Anthropologists argue that culture affects the ways in which individuals perceive medication, from different rituals and methods of healing, leading to placebo. Hahn and Kleinman (1983) propose an "ethnomedicogenic thesis" of placebo, wherein the ethnomedical system generates a feedback loop: cultural beliefs influence the disease state produced and effective treatments reinforce the belief system.[104]
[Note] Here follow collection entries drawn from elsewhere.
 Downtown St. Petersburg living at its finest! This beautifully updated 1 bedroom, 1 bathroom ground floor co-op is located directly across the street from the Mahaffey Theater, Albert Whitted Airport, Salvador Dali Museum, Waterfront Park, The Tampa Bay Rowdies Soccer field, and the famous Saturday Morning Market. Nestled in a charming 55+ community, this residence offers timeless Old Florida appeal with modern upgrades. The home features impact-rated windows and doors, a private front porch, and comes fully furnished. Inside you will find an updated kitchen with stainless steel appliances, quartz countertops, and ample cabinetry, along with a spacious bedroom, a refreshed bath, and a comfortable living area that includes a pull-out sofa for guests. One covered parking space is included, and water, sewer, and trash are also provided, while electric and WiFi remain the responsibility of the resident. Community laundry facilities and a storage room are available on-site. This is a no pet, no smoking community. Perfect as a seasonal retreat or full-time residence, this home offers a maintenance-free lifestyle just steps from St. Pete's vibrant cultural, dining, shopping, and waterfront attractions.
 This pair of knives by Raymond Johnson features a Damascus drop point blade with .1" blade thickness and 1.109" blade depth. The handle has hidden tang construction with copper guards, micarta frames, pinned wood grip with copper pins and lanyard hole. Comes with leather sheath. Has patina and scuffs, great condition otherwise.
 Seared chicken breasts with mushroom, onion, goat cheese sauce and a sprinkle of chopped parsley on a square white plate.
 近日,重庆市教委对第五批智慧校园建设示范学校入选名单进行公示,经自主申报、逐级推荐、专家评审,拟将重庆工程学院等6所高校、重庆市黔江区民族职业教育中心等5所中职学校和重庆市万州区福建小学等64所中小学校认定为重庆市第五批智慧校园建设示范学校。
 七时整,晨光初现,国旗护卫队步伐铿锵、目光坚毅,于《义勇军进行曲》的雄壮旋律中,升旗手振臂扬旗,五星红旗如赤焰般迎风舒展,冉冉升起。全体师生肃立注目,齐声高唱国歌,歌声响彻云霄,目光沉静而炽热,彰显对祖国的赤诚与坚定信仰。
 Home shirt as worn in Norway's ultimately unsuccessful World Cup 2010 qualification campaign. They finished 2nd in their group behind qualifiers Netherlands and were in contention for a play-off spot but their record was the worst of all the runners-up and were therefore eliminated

"Symbolic effectiveness," a term coined by Claude Levi-Strauss relating to Shamanism, can result in a placebo effect as symbols displayed by the Shaman provide the patient with a form of "verbal expression" that can create a healing response within the patient.[105] Apud and Romaní say that Shamans are a sort of psychoanalytical therapist, while many other cultural rituals and practices such as religion provide a psychological effect on the medical outcome of the patient, resulting in a placebo effect.[106]In Buddhism, Traditional medicine healers often prepared herbal remedies with blessed waters and string ties, performing chants of one's own culture to the people in a way of showing how ritual, belief, and medicine were a combined healing process.[107] These practices, passed down through generations, have become integral to the empirical experiences of diverse communities.
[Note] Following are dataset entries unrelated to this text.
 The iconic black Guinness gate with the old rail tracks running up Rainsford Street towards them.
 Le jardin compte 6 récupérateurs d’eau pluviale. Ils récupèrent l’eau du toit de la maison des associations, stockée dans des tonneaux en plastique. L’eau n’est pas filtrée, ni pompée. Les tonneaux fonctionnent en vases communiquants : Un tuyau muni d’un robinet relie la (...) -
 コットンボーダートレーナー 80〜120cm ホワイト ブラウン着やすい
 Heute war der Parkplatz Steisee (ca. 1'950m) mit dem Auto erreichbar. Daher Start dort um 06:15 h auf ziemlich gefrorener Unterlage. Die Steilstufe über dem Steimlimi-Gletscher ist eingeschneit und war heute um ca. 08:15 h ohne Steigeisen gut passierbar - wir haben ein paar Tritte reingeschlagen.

Hyland and Whalley conclude that carrying out a ritual, rather than believing in the ritual, may be an important factor in long-term placebo effects.[108] One anthropological perspective of rituals describe them as repetitive activities that intend to provide a sense of significance to one's life, giving them a sense that their bodily experience is in the hands of the world, out of their control as a result of patterns and rules, external to their own body.[109] Rituals are an attempt to "control nature," meaning that they can heal which results in the individual experience of placebo.[110]